Abandoned farmland is the same. A liability under the industrial model; potentially an asset under the microbial model.

Who does it

Recovering abandoned farmland is not something only full-time farmers do.

• Retirees with two-region living
• Young families migrating from cities
• Mid-career people doing it as a side business at small scale
• NPOs, citizen groups, educational institutions
• Groups combining it with satoyama conservation

These actors recover, each at a manageable scale, a little at a time. There is no need to recover the whole country at once. It is enough for it to grow gradually on a 10-year scale.

But late is also bad. The longer abandoned farmland sits, the more it returns to forest. The cost of recovery rises with time. Those who can move are rational to start moving now.

7.7 Balcony Gardens and Small Urban Spaces

At an even smaller scale, there are levels like balcony gardening, rooftop gardens, and community gardens.

"Growing vegetables on a balcony — what difference can that possibly make?" That's the urge. True, this is not a story about volume. It is only some percentage of a family's vegetables.

But this is where there is important meaning.

Meaning 1: the only scale where many households can take part

Few can become full-time farmers. Few can hold a one-tan field. For the majority of households living in apartment buildings in cities, the only scale they can take part in is the balcony or the community garden.

If we don't move here, the majority of households remain entirely disconnected from food production. That thins the floor of society's production capacity.

Meaning 2: a place to learn microbe-based agriculture skills

Even in a balcony planter, you can observe soil microbe behavior. Use compost, never let the living roots die, don't use chemical fertilizer — these principles can be acquired at a small scale.

In the future, when someone steps into one-tan smallholding, or recovers abandoned farmland, the skills learned here pay off. The balcony is also an entry to larger scales.

Meaning 3: a household cushion against rising prices

As imported and domestic vegetable prices rise, even producing cucumbers, tomatoes, herbs, and leafy greens on a balcony gives the household a cushion.

In particular, easily damaged leafy items (lettuce, salad greens, basil, mint, shiso) are expensive to buy at the supermarket but easy to grow in small amounts on a balcony.

Meaning 4: rebuilding the relationship between food and farming

This is a side that does not show up in the numbers but cannot be ignored.

When children and adults physically experience where their food comes from, it has long-term meaning. They come to know — not in their heads but in their hands — that food comes from nature, that soil and microbes grow it.

This raises society's understanding of food and farming policy across the board.

7.8 Full-time, Side, Self-sufficient — All Three Layers Are Needed

Organizing the implementation by scale:

What I want to emphasize here:

If any layer is missing, food production at the social level does not stand.

• If the full-time layer disappears, stable supply volume is lost
• Without the side / small layer, the decline of full-time cannot be filled
• Without the self-sufficient / supplementary layer, the majority of households are cut off from food production

In the era of industrial farming, only the full-time layer was needed. That was because of chemical fertilizer, imports, and population growth. After those conditions break, only when all three layers are stacked together does the food supply hold.

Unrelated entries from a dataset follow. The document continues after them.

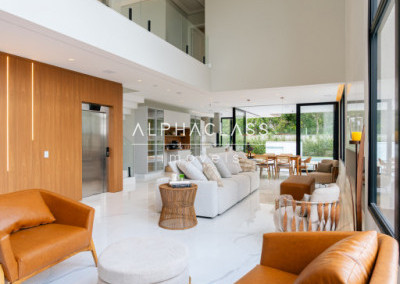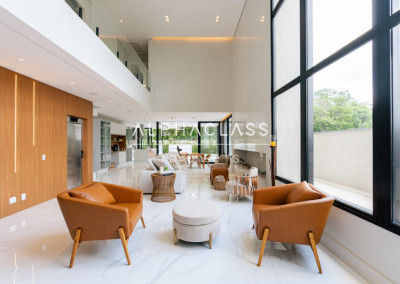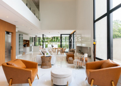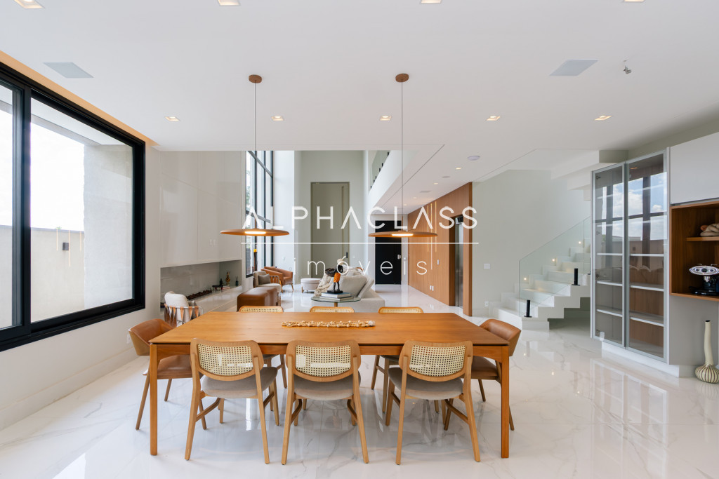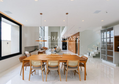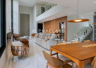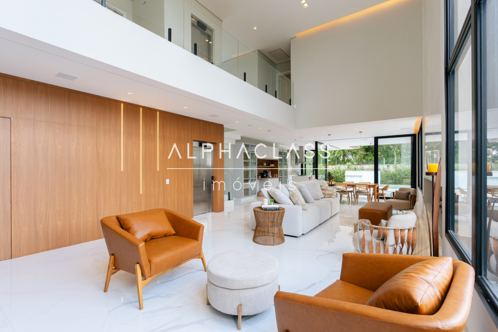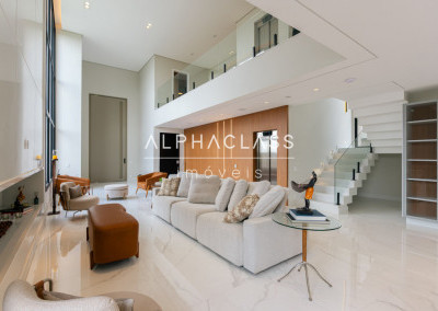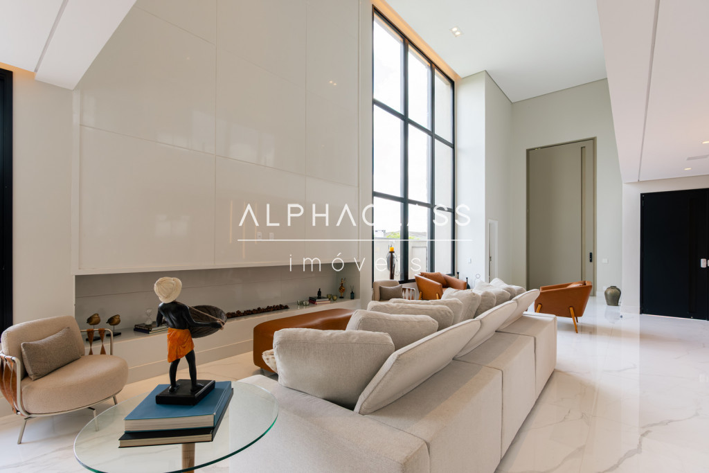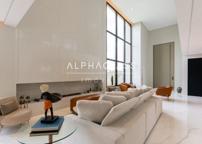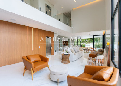 Logo ao entrar, você é recebido por uma porta imponente de 5 metros, que se abre para um amplo living com pé-direito duplo, banhado em luz natural, proporcionando uma sensação de espaço e liberdade incomparáveis. A lareira traz aconchego e elegância aos momentos em família e entre amigos.
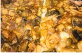 Fresh shrimp tossed with onions and scallions, sauteed in a brown sauce and topped with melted mozzarella cheese.
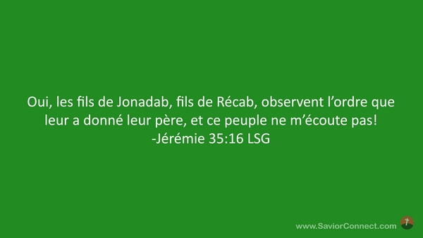 Oui, les fils de Jonadab, fils de Récab, observent l'ordre que leur a donné leur père, et ce peuple ne m'écoute pas! -Jérémie 35:16 LSG
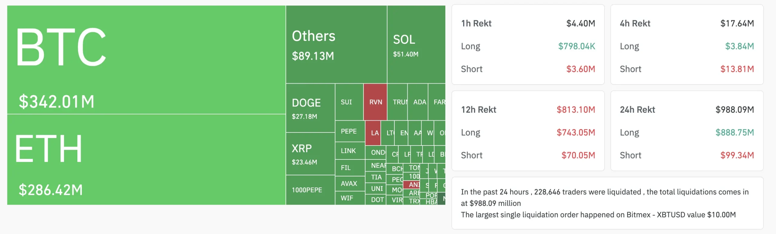 Đợt giảm giá này đã kích hoạt làn sóng thanh lý, khi nhiều vị thế đòn bẩy buộc phải đóng, làm tăng thêm sự biến động. Theo dữ liệu từ Coinglass, trong 24 giờ qua, tổng số thanh lý đạt 988.09 triệu USD.

Not the same person needs to do every layer. Full-time farmers do full-time, side-job holders do side, households do household — each in a form that fits their own scale. But if the majority remain people who do nothing — pure consumers — society collapses.

7.9 Transition Timeline

It takes time to move from soil that depended on chemical fertilizer to the soil of microbe-based agriculture. But choose the method, and that time can be shortened drastically.

The mistaken single-crop transition (removing chemical fertilizer while staying single-crop)

• Year 1: yield drops sharply
• Years 2–3: mycorrhiza not rebuilt, yields stay low
• Years 4–5: signs of recovery at last
• Years 5–10: returns to conventional level

This requires a long, harsh "endurance" period.

Multi-species cover cropping (the right transition)

Intercrop grasses + legumes + resilient crops + diverse cover crops:

• Year 1: legume rhizobia fix nitrogen; grasses rapidly stand up the AM (arbuscular mycorrhizal) network
• Year 2: hyphal networks spread, beginning to mobilize accumulated phosphorus (legacy P)
• Year 3: soil microbiome functionally recovers, yields return to practical levels
• Year 4 onward: soil continues to enrich, yield and quality stabilize
• Year 10 onward: reaches levels above conventional farming (Gabe Brown's SOM 1.7% → 11% took 20 years, but productivity exceeded conventional in 5–10 years [unverified])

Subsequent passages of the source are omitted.